Go through the data below and repeat it exactly, skipping each picture.

* [Information shown]

────────────────────

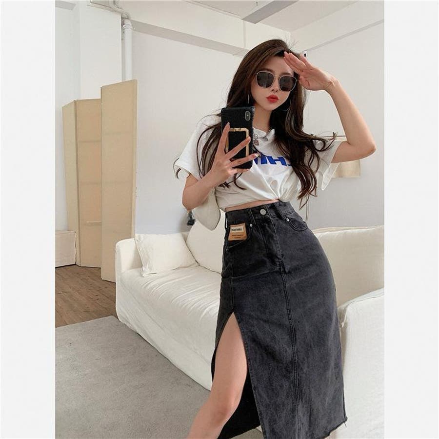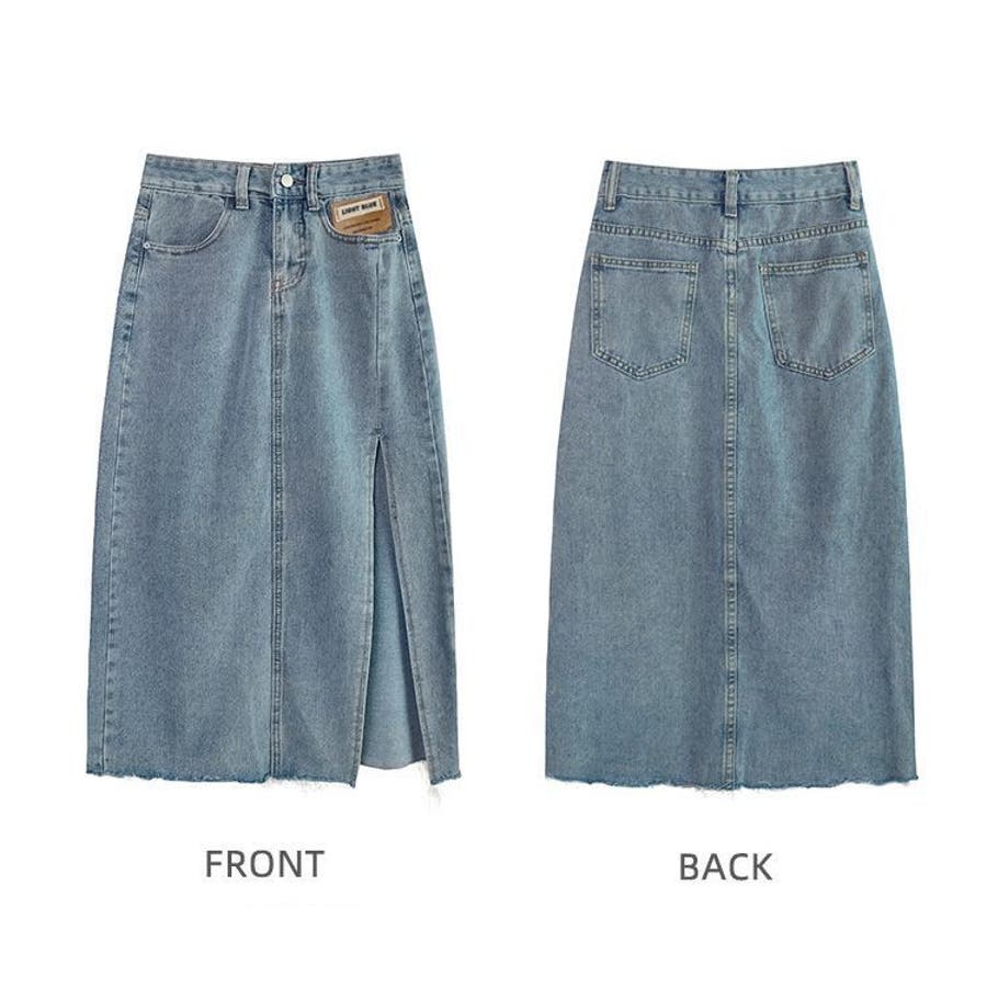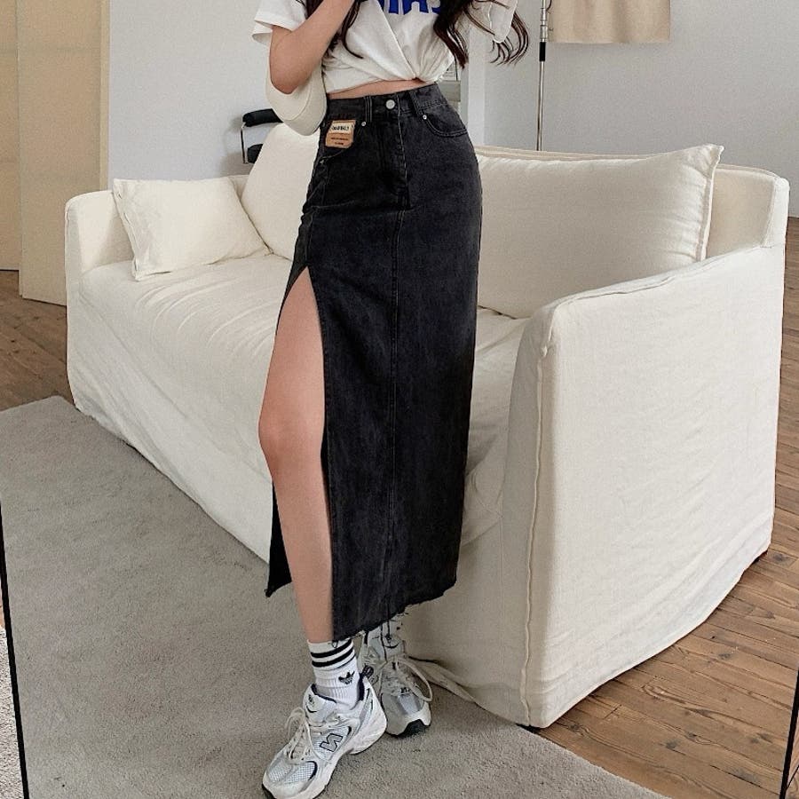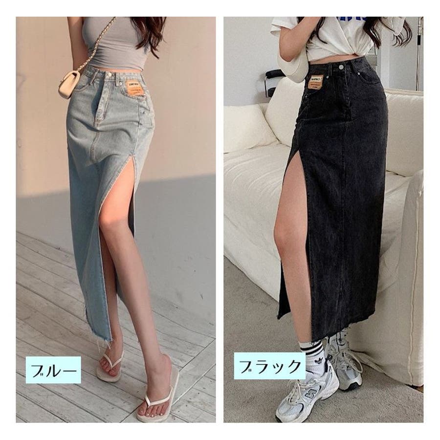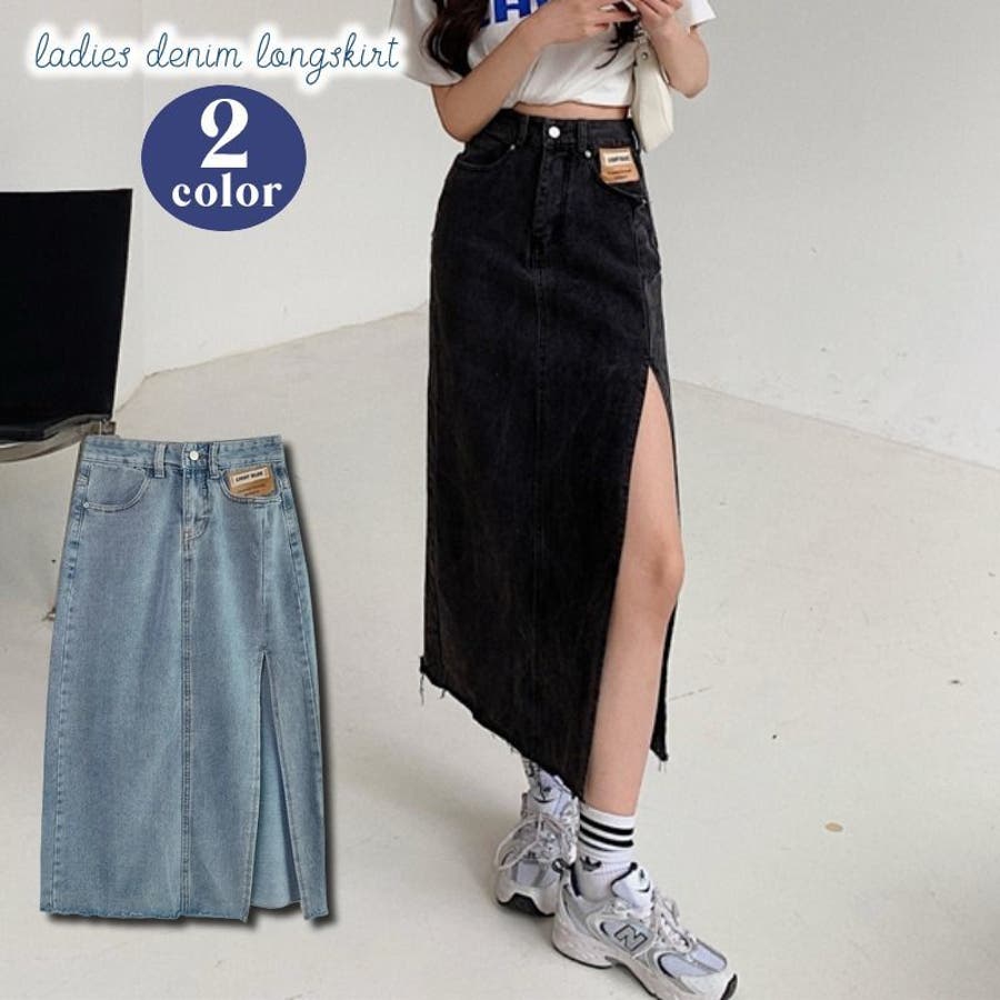 スタイルアップ効果抜群のレディースデニムロングスカート。
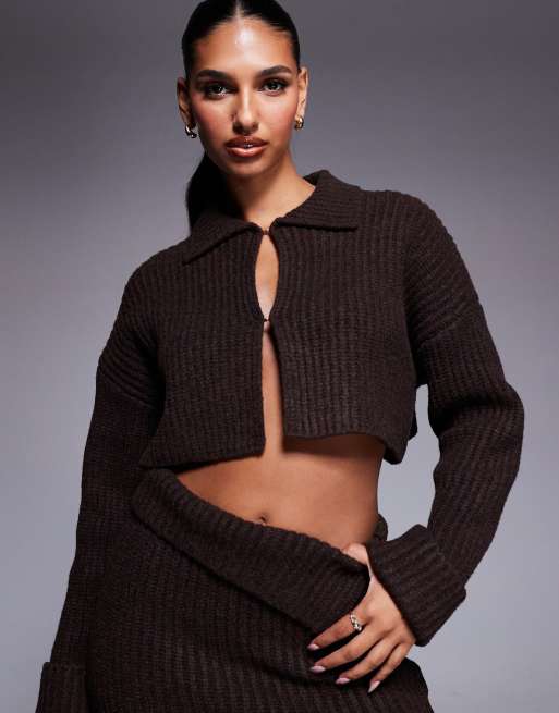 Aria Cove knitted wide rib collared clasp front cardigan co-ord in chocolate
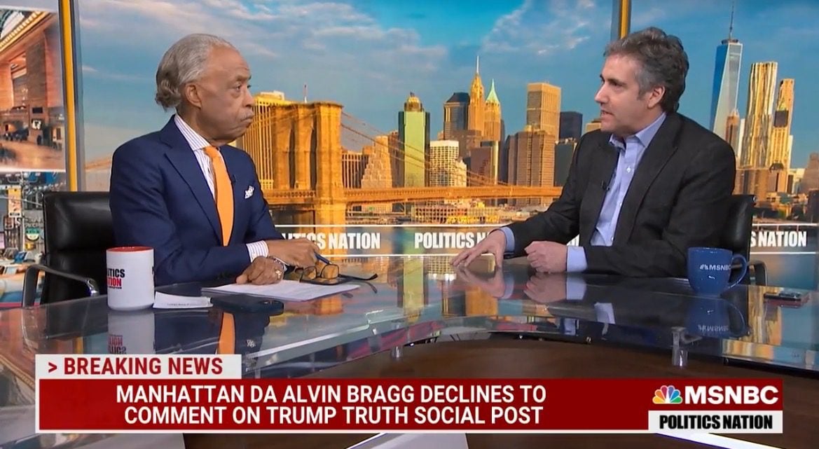 “Rest assured, Alvin Bragg is not making a mistake.” Michael Cohen speaks to Rev. Sharpton about the seriousness of the Manhattan DA’s case and why it could be the first to hold Trump accountable. https://t.co/MlCbQC2YKr pic.twitter.com/BzFBinHMGy
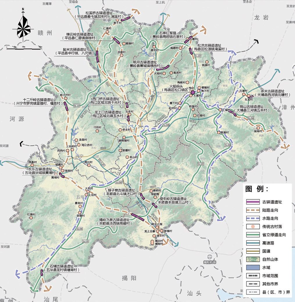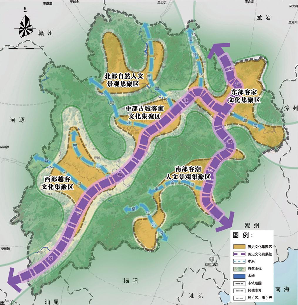 規(guī)劃高度重視歷史文化脈絡(luò)研究,不僅研究歷史沿革過程中地位變化對梅州文化構(gòu)成的影響,還對客家文化遷徙的演變進(jìn)行考據(jù)研究,突出由“客家腹地”、“客家文化中心”到“世界客都”的歷程,為確定保護(hù)框架、保護(hù)要素提供支撐,最終在空間上勾勒并落實歷史文化保護(hù)、展示路線,做到古為今用。

────────────────────

* [Response to this task]
 スタイルアップ効果抜群のレディースデニムロングスカート。
 Aria Cove knitted wide rib collared clasp front cardigan co-ord in chocolate
 “Rest assured, Alvin Bragg is not making a mistake.” Michael Cohen speaks to Rev. Sharpton about the seriousness of the Manhattan DA’s case and why it could be the first to hold Trump accountable. https://t.co/MlCbQC2YKr pic.twitter.com/BzFBinHMGy
 規(guī)劃高度重視歷史文化脈絡(luò)研究,不僅研究歷史沿革過程中地位變化對梅州文化構(gòu)成的影響,還對客家文化遷徙的演變進(jìn)行考據(jù)研究,突出由“客家腹地”、“客家文化中心”到“世界客都”的歷程,為確定保護(hù)框架、保護(hù)要素提供支撐,最終在空間上勾勒并落實歷史文化保護(hù)、展示路線,做到古為今用。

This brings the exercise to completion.